Rażąca dysproporcja między "taniochą" Rosji a sprzętem NATO
Portal zwrócił zarazem uwagę na dysproporcję pomiędzy tanimi rosyjskimi konstrukcjami a wielomiliardowym sprzętem NATO, wykorzystywanym do ich zwalczania. Według niego, działania NATO były znacznie mniej skuteczne niż typowa reakcja Ukrainy na atak rosyjskich dronów. "Sojusz zestrzelił około trzech dronów, podczas gdy Kijów zazwyczaj deklaruje skuteczność przechwytywania na poziomie 80–90 proc. – pomimo znacznie większych ataków" – czytamy.
Co mamy robić, wysyłać za każdym razem F-16 i F-35? To się nie opłaca. Musimy lepiej wyposażyć się w systemy antydronowe – podkreśliła Franke.
Obrona powietrzna jedną z najsłabszych stron krajów NATO
Politico przypomina, że obrona powietrzna od dawna uznawana jest za jedną ze słabszych stron państw NATO. Większość funduszy przeznaczana jest na drogie systemy, takie jak amerykański Patriot czy francusko-włoski SAMP/T, których koszt liczony jest w setkach milionów dolarów.
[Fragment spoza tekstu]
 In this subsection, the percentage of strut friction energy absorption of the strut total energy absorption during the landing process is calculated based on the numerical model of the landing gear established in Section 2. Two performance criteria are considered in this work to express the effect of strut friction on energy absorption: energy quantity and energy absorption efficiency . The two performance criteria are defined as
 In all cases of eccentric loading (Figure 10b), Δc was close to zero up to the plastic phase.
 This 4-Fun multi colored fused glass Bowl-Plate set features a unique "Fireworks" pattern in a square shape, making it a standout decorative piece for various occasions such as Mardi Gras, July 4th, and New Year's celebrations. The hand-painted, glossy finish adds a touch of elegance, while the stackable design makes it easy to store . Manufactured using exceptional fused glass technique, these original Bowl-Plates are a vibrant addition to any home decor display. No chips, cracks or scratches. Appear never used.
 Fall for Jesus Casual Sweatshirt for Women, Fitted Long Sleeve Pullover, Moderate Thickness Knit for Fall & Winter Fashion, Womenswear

Zdaniem prezydenta Ukrainy Wołodymyra Zełenskiego – jak napisało Politico – nie są one jednak praktycznym rozwiązaniem w walce z masowo wykorzystywanymi dronami-kamikadze.
Kulisy pierwszego takiegp spotkanie ambasadorów w historii
Portal podkreśla, że problem został poruszony podczas czwartkowego spotkania sekretarza generalnego NATO Marka Ruttego z ambasadorami państw UE w Brukseli.
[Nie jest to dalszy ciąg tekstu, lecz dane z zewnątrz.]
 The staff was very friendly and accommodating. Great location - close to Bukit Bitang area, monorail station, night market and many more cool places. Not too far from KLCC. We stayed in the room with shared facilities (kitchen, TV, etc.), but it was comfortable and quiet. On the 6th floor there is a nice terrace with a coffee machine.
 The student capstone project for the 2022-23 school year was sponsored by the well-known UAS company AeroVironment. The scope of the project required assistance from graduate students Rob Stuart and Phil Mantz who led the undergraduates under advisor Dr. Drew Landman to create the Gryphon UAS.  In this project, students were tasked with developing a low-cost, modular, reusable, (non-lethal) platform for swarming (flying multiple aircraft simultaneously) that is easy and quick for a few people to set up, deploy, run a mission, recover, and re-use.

Było to pierwsze takie spotkanie ambasadorów w historii, w którym uczestniczył szef Sojuszu. Według Politico wszyscy jego uczestnicy wyrazili obawy, że "właśnie pokazaliśmy Kremlowi, jak bardzo Zachód nie jest przygotowany" na działania bezzałogowych statków powietrznych, a NATO nie może przecież regularnie używać F-35 do przechwytywania fal tanich dronów. Sam Rutte doszedł do takiego wniosku i nikt temu nie zaprzeczył – powiedział portalowi jeden z dyplomatów.